Apenas o São Caetano, entre os clubes do Grande ABC, consta do ranking da Esporte Total. Mais que isso: o clube-empresa de Nairo Ferreira é um dos quatro únicos do País que registra no acumulado de 2004 a 2009 superávit financeiro, num total de R$ 3,649 milhões. O Atlético Paranaense lidera com R$ 35,282 milhões, bem acima do São Paulo, com R$ 10,947 milhões e do Internacional de Porto Alegre com R$ 7,713 milhões. O Fluminense, campeão brasileiro desta temporada, disputa com o Vasco da Gama a lanterninha de ineficiência, com déficit acumulado de R$ 166,314 milhões ante R$ 344,505 milhões dos cruzmaltinos.

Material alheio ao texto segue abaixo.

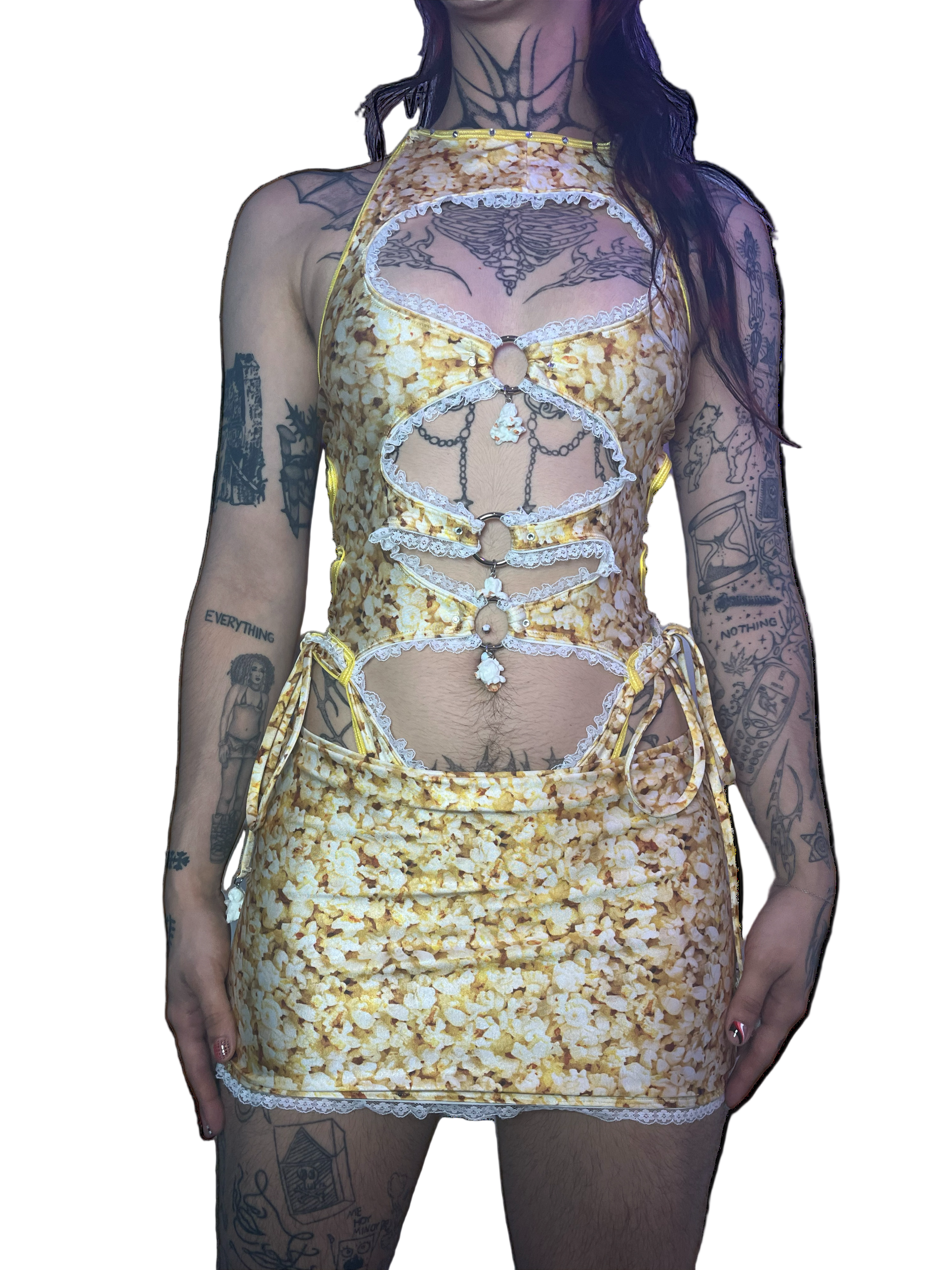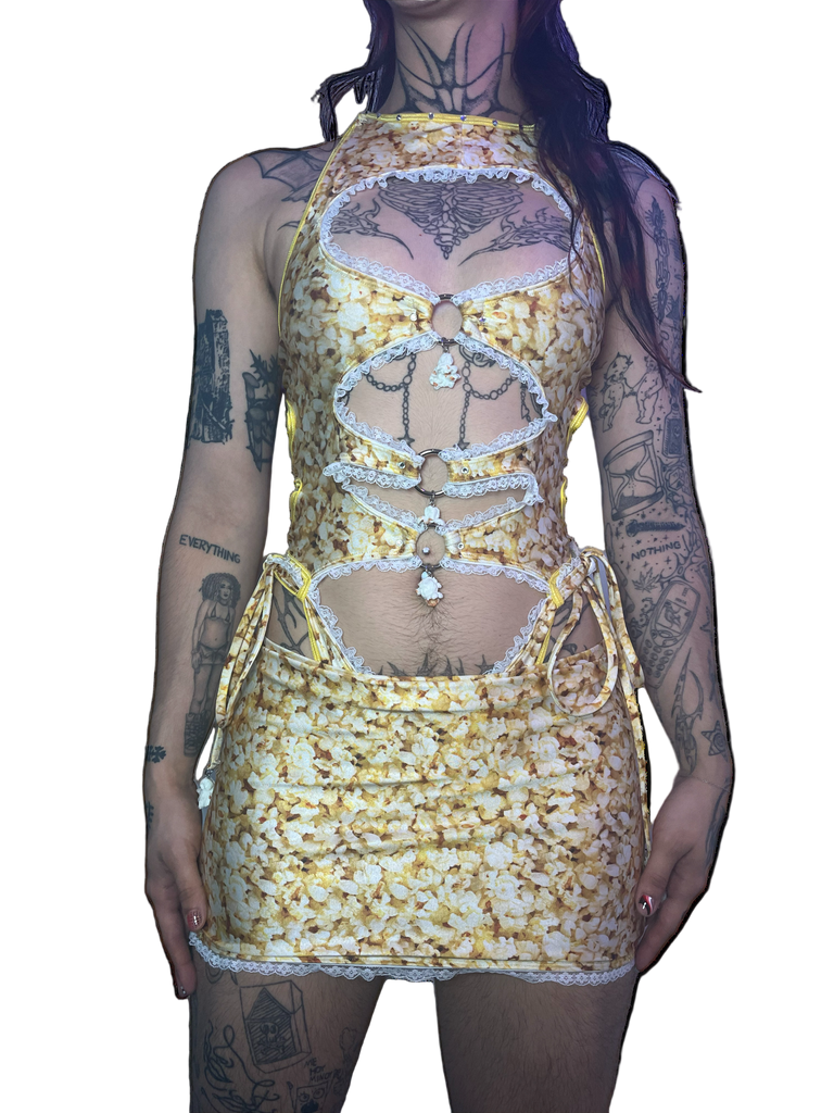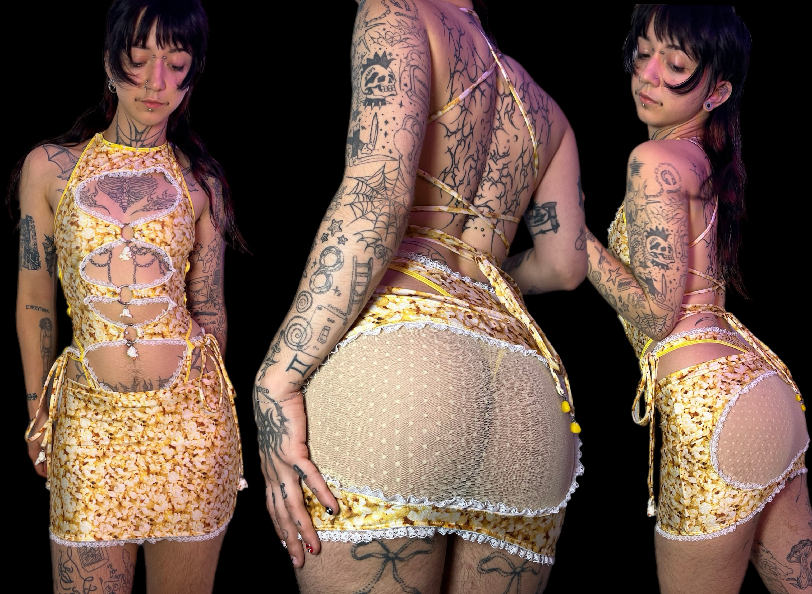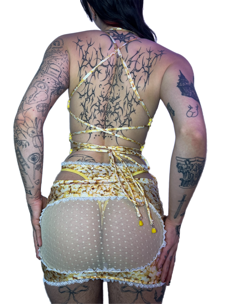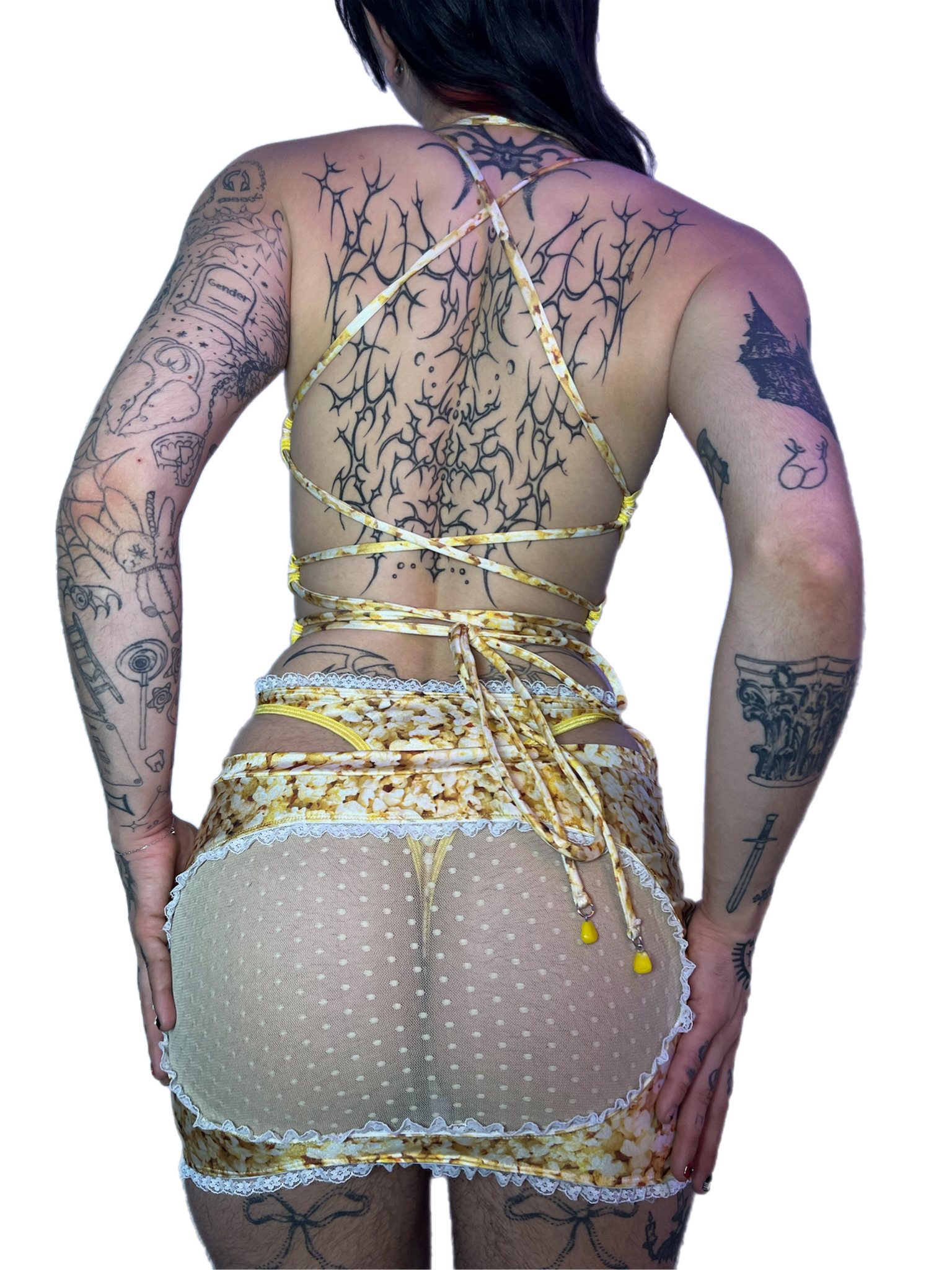 Popcorn Bikini & Matching Open Butt Skirt (S & Made to Order)

Não fossem os dois últimos anos o Corinthians de Andrés Sanches desceria ainda mais no ranking de negatividade financeira. O superávit acumulado nas duas últimas temporadas atingiu R$ 16,7 milhões, o que rebaixou os números gerais desde 2004 para R$ 34,185 milhões. Dos mais de R$ 10 milhões que o São Paulo acumulou desde 2004, apenas R$ 2,7 milhões abrangem o período dos dois últimos anos analisados.

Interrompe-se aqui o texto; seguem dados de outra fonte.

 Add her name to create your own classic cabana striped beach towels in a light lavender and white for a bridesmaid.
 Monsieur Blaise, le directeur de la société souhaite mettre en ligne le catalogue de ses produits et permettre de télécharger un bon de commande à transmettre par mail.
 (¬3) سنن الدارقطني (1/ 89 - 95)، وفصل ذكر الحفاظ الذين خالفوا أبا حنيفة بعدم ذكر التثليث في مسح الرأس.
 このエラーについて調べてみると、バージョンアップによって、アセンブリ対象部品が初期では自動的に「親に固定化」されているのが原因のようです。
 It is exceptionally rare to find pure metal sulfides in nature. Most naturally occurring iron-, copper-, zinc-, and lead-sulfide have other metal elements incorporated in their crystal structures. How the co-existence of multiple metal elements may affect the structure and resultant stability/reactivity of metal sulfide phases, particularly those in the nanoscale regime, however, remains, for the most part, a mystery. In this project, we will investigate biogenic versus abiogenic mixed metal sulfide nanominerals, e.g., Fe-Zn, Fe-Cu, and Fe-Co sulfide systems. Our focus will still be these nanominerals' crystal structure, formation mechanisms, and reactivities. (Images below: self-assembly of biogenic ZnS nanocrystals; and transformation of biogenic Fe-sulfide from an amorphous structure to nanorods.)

São Paulo e Corinthians foram os únicos clubes que registraram superávit nas duas últimas temporadas. Isto quer dizer que o São Caetano também está na relação dos deficitários. A fórmula ideal para clubes médios se apresentarem lucrativos é disputar a Série A do Campeonato Brasileiro, não necessariamente colocando-se entre os primeiros, mas, sobretudo, distanciando-se da zona de rebaixamento. A vitrine da Série A é um convite aberto à negociação de jogadores e de patrocínios. A Série B é deficitária sobretudo para equipes que não integram o Grupo dos 13. A Série C é a calamidade em forma de futebol empresarial.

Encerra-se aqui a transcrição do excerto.